Now, where this movie actually manages to surpass the sequel is in the introduction of two new and nifty things—one, massive damage. One character will actually wander around with the top part of his head and most of his face completely missing. Two, the introduction of The Absolute Edge of the Universe, a strange phenomenon that’s bulletproof, completely puncture-proof, and cannot be passed through or broken down, ostensibly to give the Reeker a narrower zone in which to hunt.

It’ss the little things that help give No Man’s Land: Rise of the Reeker its boost—for instance, there’s this little bit I happened to catch in the credit roll:

“Shot entirely on Kodak film. Fuji film used to be cheaper, but the dollar is so weak. Eastman Kodak thanks you, George Walker Bush.”

It’s certainly not every day you get commentary in the credits.

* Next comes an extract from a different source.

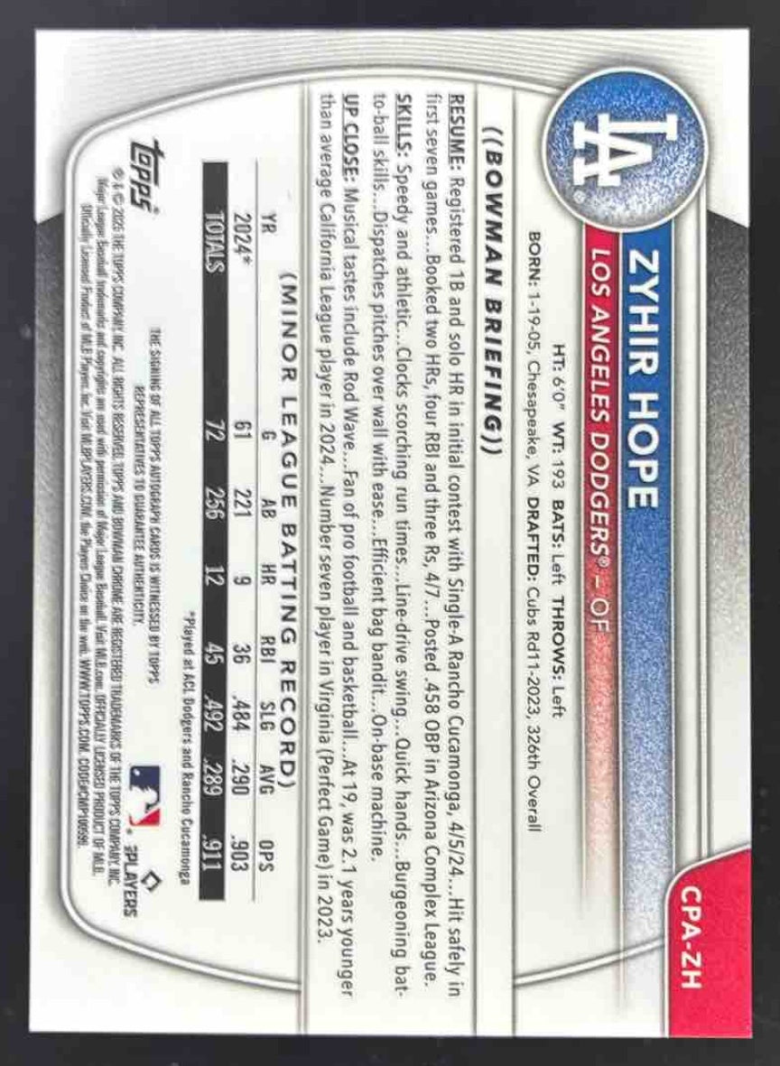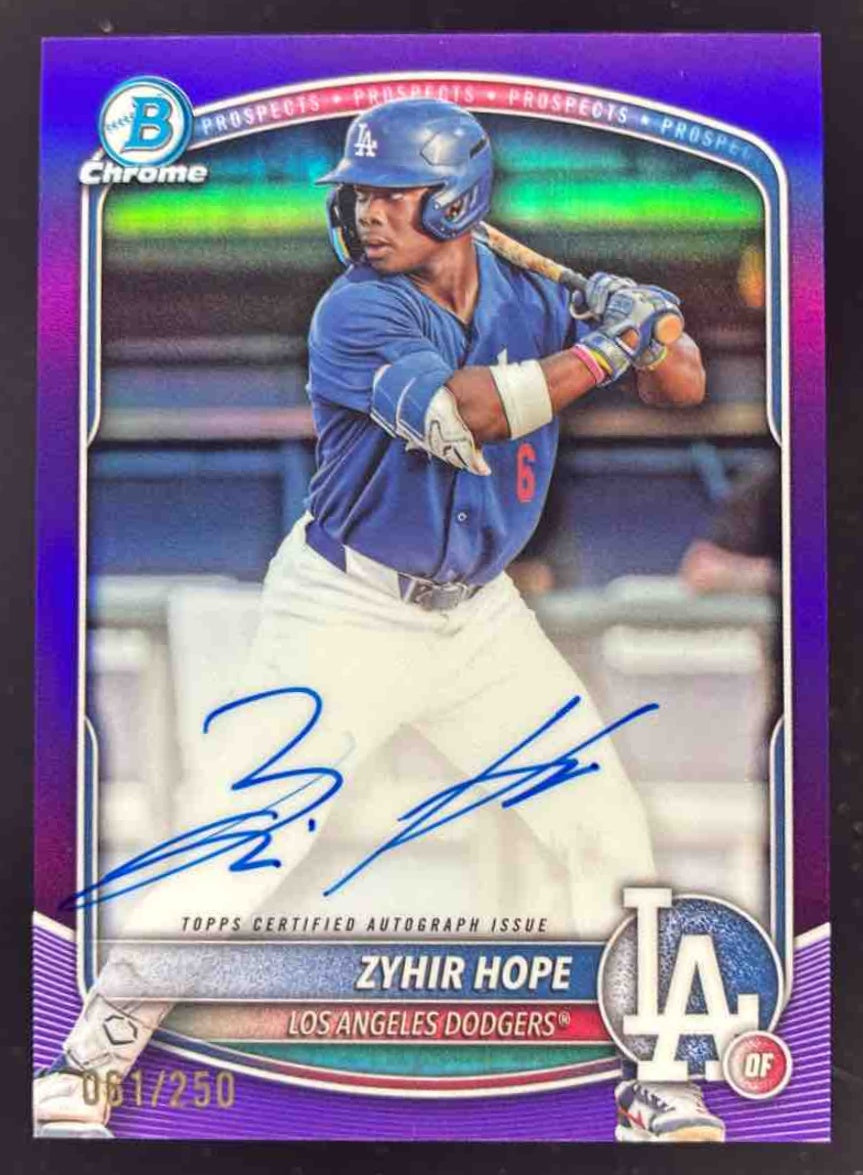 2025 Bowman Chrome Prospect Autographs Purple Refractor #ZH Zyhir Hope Auto /250

It’s certainly arguable that it’s not exactly kosher to put comments in the credits, but I find it a welcome diversion.

And the rest of the film, meanwhile, will be at least passable with the Reeker appearing in a burst of stuttery motion to kill whatever happens to be in front of him in a thoroughly bloody motion. Not bad. Nothing great, but certainly nothing terrible. A significant problem, however, is that it’s a bit top-heavy. They spent about two thirds of the movie trying to build suspense with a few occasional killings, but they blow it off in this last burst of fighting, the ending.

Speaking of which, the ending does a fair job of wrapping things up, much in the same way the first one did. At least it looks pretty familiar from where I sit.

The special features included a behind the scenes featurette, a storyboard to screen comparison, a retrospective on the production team, a featurette on what scares the crew and cast, and trailers for No Man’s Land: Rise of the Reeker, Dance of the Dead, The Substitute, Dark Floors, Room 205, Last House in the Woods, and Brotherhood of Blood.

All in all, No Man’s Land: Rise of the Reeker presents something of a rarity among horror movies, and indeed among movies in general. It’s actually, somewhat, at least a little bit better than the original. Not by much, granted…but by just enough to make it noticeable. Sadly, it’s not so good that it can stand on its own merits, however.

Steve Anderson is a film critic who collects action figures so he can dress them up as his favorite horror villains. He lives somewhere in the United States.